The data were obtained from an analysis of material ejected from the outer portion of the sun. That material can be thought of as a "fossil of our nebula" because scientific evidence suggests that the sun's outer layer has not changed measurably in billions of years. The sample of solar material collected by Genesis was small, but there was enough to be analyzed using UCLA's MegaSIMS (secondary ion mass spectrometer).
"This is the first time the heavy elements in the sun have had their isotope composition determined with precision, directly from solar material," McKeegan said. "The Genesis mission was a success. The mission has achieved its highest priority objectives. We are learning how planets form."
Analyses of meteorites from Mars indicate that oxygen on Mars is very similar to oxygen on Earth, but not identical, McKeegan said.
Genesis launched in August 2001. The spacecraft traveled to the L1 Lagrange Point, about 1 million miles from the Earth, where it remained for 886 days between 2001 and 2004, passively collecting solar wind samples.

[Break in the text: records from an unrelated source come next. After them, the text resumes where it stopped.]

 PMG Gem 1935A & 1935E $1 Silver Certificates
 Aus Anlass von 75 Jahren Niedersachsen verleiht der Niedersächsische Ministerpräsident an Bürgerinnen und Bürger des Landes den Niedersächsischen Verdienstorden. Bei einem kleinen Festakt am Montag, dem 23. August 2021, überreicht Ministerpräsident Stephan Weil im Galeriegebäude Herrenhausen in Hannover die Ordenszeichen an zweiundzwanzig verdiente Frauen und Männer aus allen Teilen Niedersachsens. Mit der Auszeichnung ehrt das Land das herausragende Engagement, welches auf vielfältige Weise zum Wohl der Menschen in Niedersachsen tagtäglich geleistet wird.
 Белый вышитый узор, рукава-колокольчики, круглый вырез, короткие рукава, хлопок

On Sept. 8, 2004, the spacecraft released a sample return capsule that entered the Earth's atmosphere. Although the capsule made a hard landing - the result of a failed parachute - in the Utah Test and Training Range in Dugway, Utah, it marked NASA's first sample return since the final Apollo lunar mission in 1972 and the first material collected beyond the moon.

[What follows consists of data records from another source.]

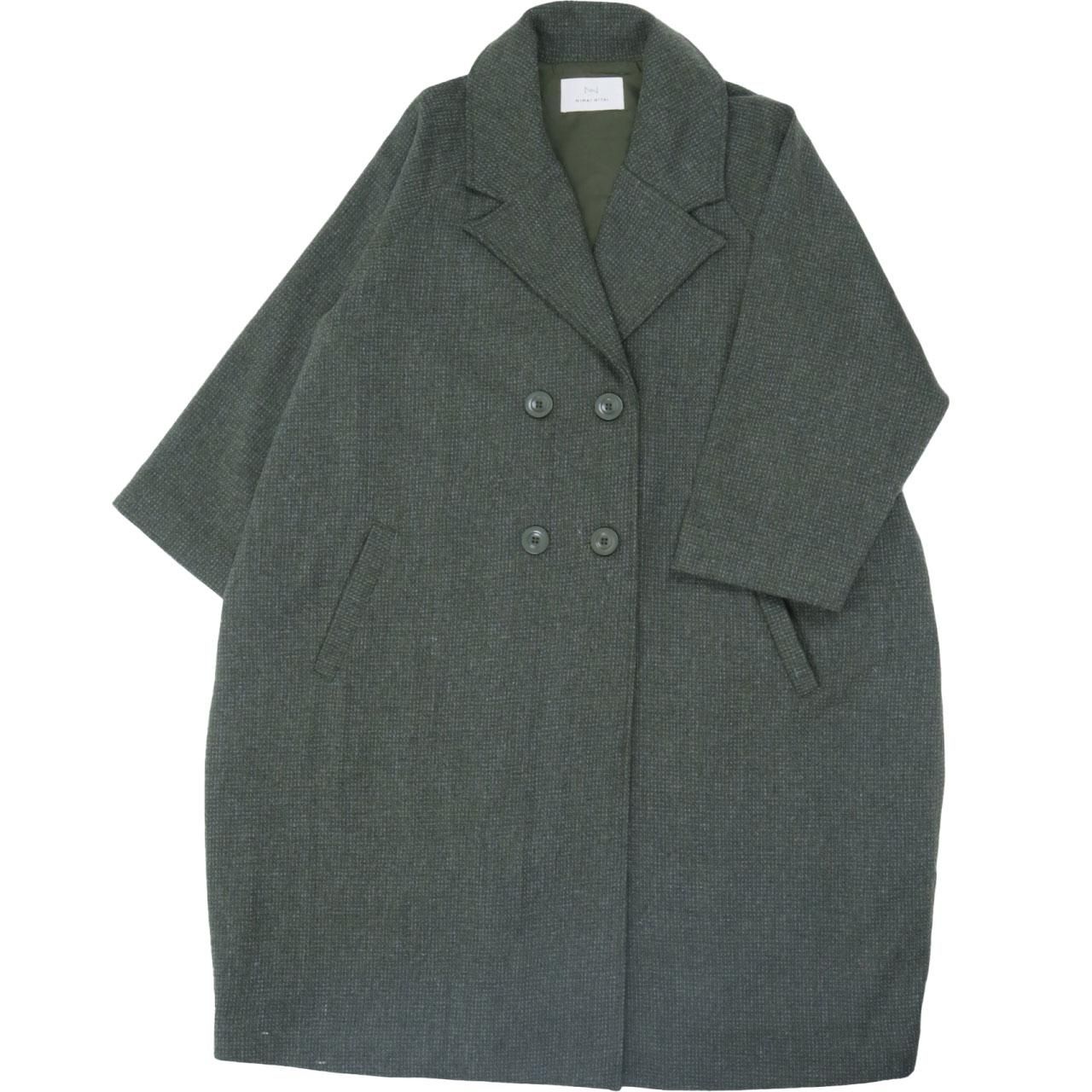 インド・カシミール地方で手織りされたメリノウールのテーラードラグランコクーンコート。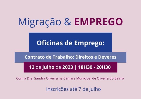 O Município de Oliveira do Bairro vai promover no dia 12 de julho, pelas 18h30, um workshop intitulado "Contratos de Trabalho ...30 Jun -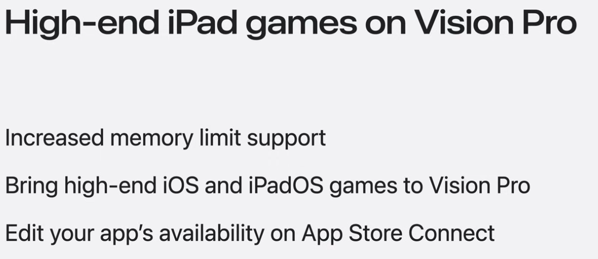 visionOS에서 메모리 한도 지원이 새롭게 확대되면서 App Store Connect를 사용하여 하이엔드 iPad 게임을 Vision Pro로 가져올 수 있다.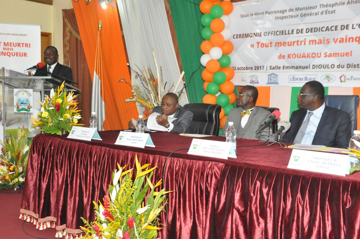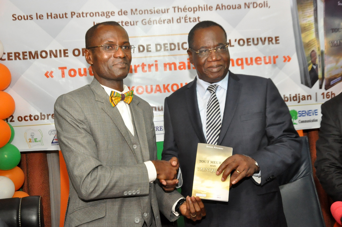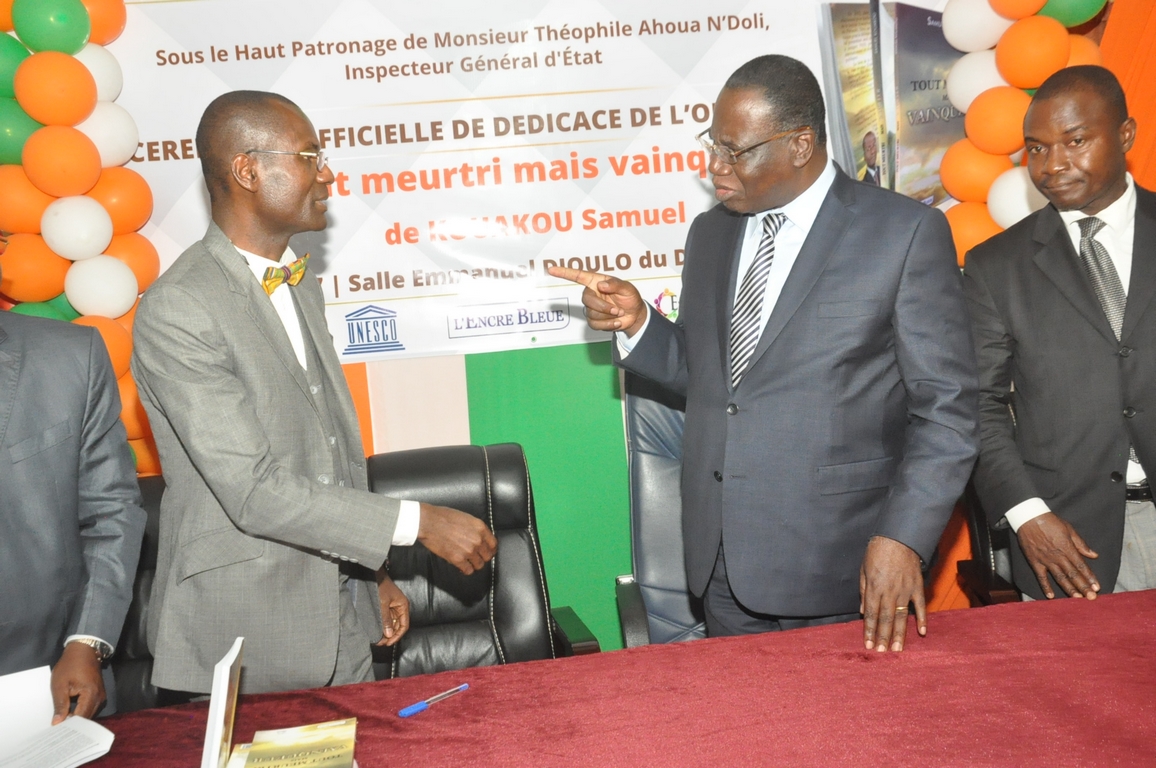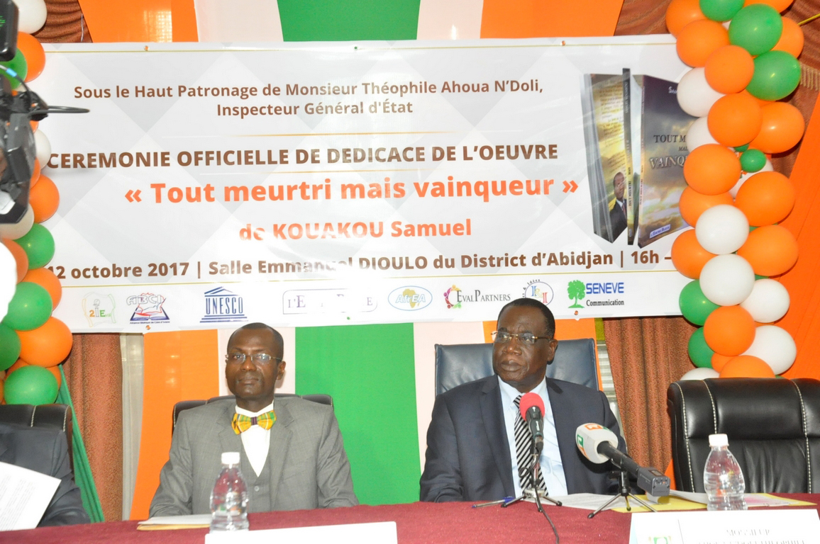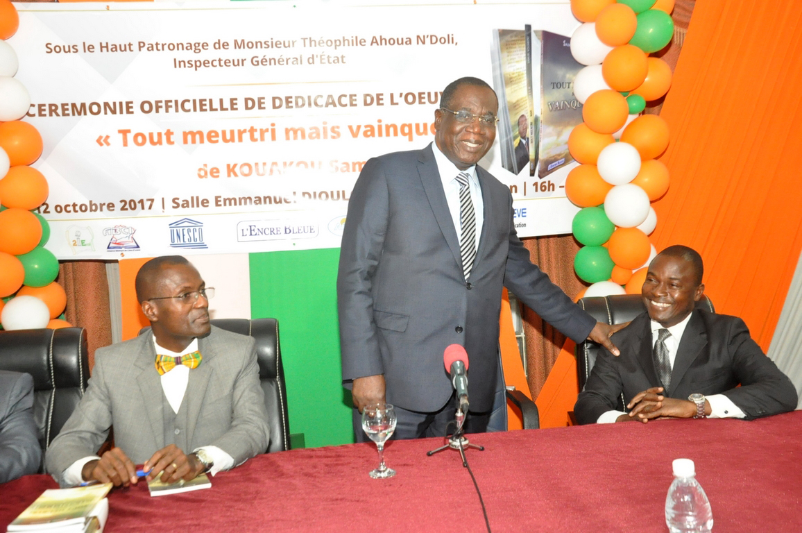A l’occasion de la dédicace du livre « Tout meurtri mais vainqueur » de Samuel Kouakou, parrainée par l’Inspecteur Général d’Etat, Théophile Ahoua N’Doli, le 12 octobre 2017

Co-authors of the oxygen study included Veronika Heber, a UCLA research scientist in the Department of Earth and Space Sciences; George Jarzebinski, senior electronics engineer at UCLA; Chris Coath, a former UCLA researcher who designed the ion optics of the MegaSIMS; Peter Mao, a former UCLA researcher who is currently an astrophysicist at the California Institute of Technology; Antti Kallio, a former UCLA postdoctoral scholar who acquired much of the solar wind data; Takaya Kunihiro, a former UCLA postdoctoral scholar currently at Japan's Okayama University; and Don Burnett, a professor at the California Institute of Technology, who was Genesis' principal investigator. A team from Los Alamos National Laboratory led by Roger Wiens built a device on the Genesis spacecraft for the analysis of oxygen and nitrogen from the solar wind. Wiens and his colleagues are also co-authors of the study. NASA funded the research.

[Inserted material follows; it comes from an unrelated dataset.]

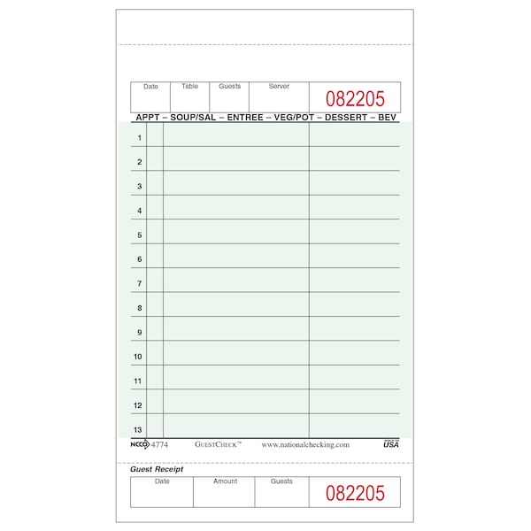 Guest Check Cardboard 1Pt,13 Line,PK2500, Package Quantity 2500

"The sun houses more than 99 per cent of the material currently in our solar system, so it's a good idea to get to know it better," Burnett said.
A second paper in Science by different researchers details differences between the sun and planets with regard to the element nitrogen. Like oxygen, nitrogen has one isotope (N-14) that makes up nearly 100 percent of the nitrogen atoms in the solar system, but there is also a tiny amount of N-15.
Researchers studying the same Genesis samples found that compared to the Earth's atmosphere, nitrogen in the sun and Jupiter had slightly more N-14 - but 40 percent less N-15. The sun and Jupiter appear to have the same nitrogen composition, but as with oxygen, the nitrogen composition of the Earth and the rest of the inner solar system is very different.
"These findings show that all solar system objects, including the terrestrial planets, meteorites and comets, are anomalous compared to the initial composition of the nebula from which the solar system formed," said Bernard Marty, a Genesis co-investigator from the Centre de Recherches Pétrographiques et Géochimiques in France and lead author of the second Science study. "Understanding the cause of such a heterogeneity will impact our view on the formation of the solar system."
The Jet Propulsion Laboratory in Pasadena, Calif., managed the Genesis mission for NASA's Science Mission Directorate in Washington, D.C. Genesis was part of the Discovery Program managed at NASA's Marshall Space Flight Center in Huntsville, Ala. Lockheed Martin Space Systems in Denver developed and operated the spacecraft. Analysis at the Centre de Recherches Pétrographiques et Géochimiques was supported by the Centre National d'Etudes Spatiales and the Centre National de la Recherche Scientifique, both in Paris.